# How long has your tank gone without feeding?



## drhank (Aug 3, 2009)

I'm going to be out of town for about 5 days for my daughters wedding. Do you think I'll have any problem with my reef if I don't feed for that long? Also, how long have you left your reef without feeding and not had any problems?


----------



## Jakub (Nov 26, 2009)

According to friends, if you feed your fish 2-3 times a day every day they will be just fine for 3 days. 5 may be pushing it.


----------



## scribbles (Nov 1, 2009)

Are you worried about the invert's or your fish? for the fish just grab an auto feeder. Invert's i think will be ok.


----------



## beaslbob (May 29, 2009)

2 weeks.


----------



## beaslbob (May 29, 2009)

beaslbob said:


> 2 weeks.


Oh yea, but that was before I added the sump. 

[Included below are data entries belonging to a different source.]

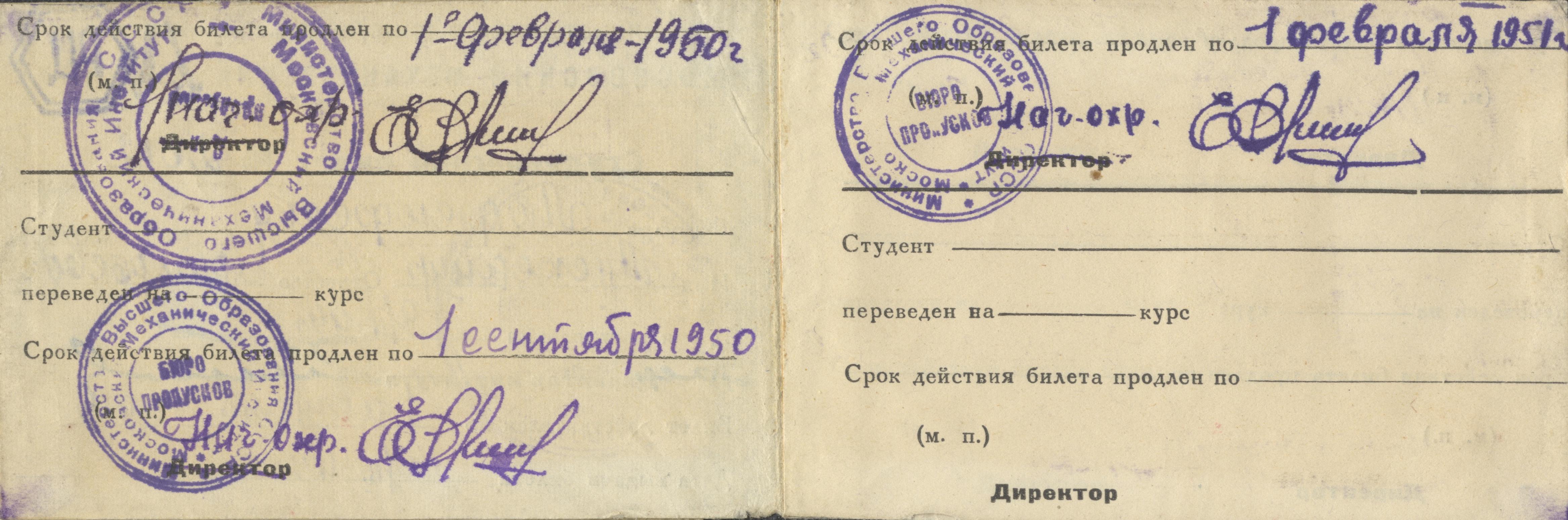 1949 Студенческий билет Московского Механического института ММИ (название МИФИ до 1953 г.)
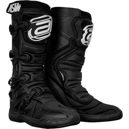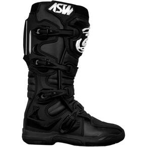 Bota asw elevate Cor: preto Tamanho: 43/44 br (12 usa) Em uma variedade de cores vibrantes e cheias de estilo a bota asw elevate chegou para ficar, une o conforto e a proteção para sua próxima pilotagem off road. Seja qual for a sua modalidade, encare com a bota asw elevate. Detalhes: - sistema de fecho por fivelas totalmente ajustáveis em 4 pontos da bota proporcionam regulagem personalizada ao piloto nas mais variadas condições. - canelas, panturrilhas, calcanhares e reforço interno em plástico injetado padrão ce oferecem ampla proteção nas 2 áreas mais críticas. - sola colada de borracha de alta densidade, resistente a abrasão e antiderrapante. - mix de couro sintético e couro natural oferecem resistência a abrasão e também ao calor. - confortável, maleável, segura e confiável. Especificações: - 1,5 kg cada pé, 3 kg o par. Conteúdo da embalagem: - 01 par.
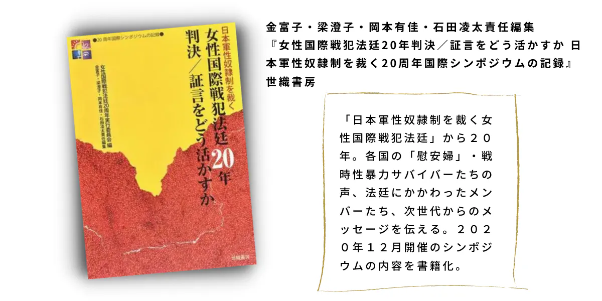 日本軍「慰安婦」問題について根拠に基づく確かな情報を発信し、日本軍がどのように未曾有の性暴力を引き起こして女性たちを苦しめたのかを伝えていくことは、現在の性暴力問題にとりくむための大きな力ともなると思います。ご支援をどうぞよろしくお願いいたします。

IMHO the sump will run dry and cause more problems in 5 days then the lack of food for 5 days.


my .02


----------



## joejoe1055 (Nov 23, 2009)

i just don't trust auto feeders


----------



## phil_pl (Apr 10, 2009)

i like to just keep mine on a regular schedule so i had someone come to my house to feed when i went on vacation, i have seen aggression problems due to lack of feeding so i dont like to miss a day


----------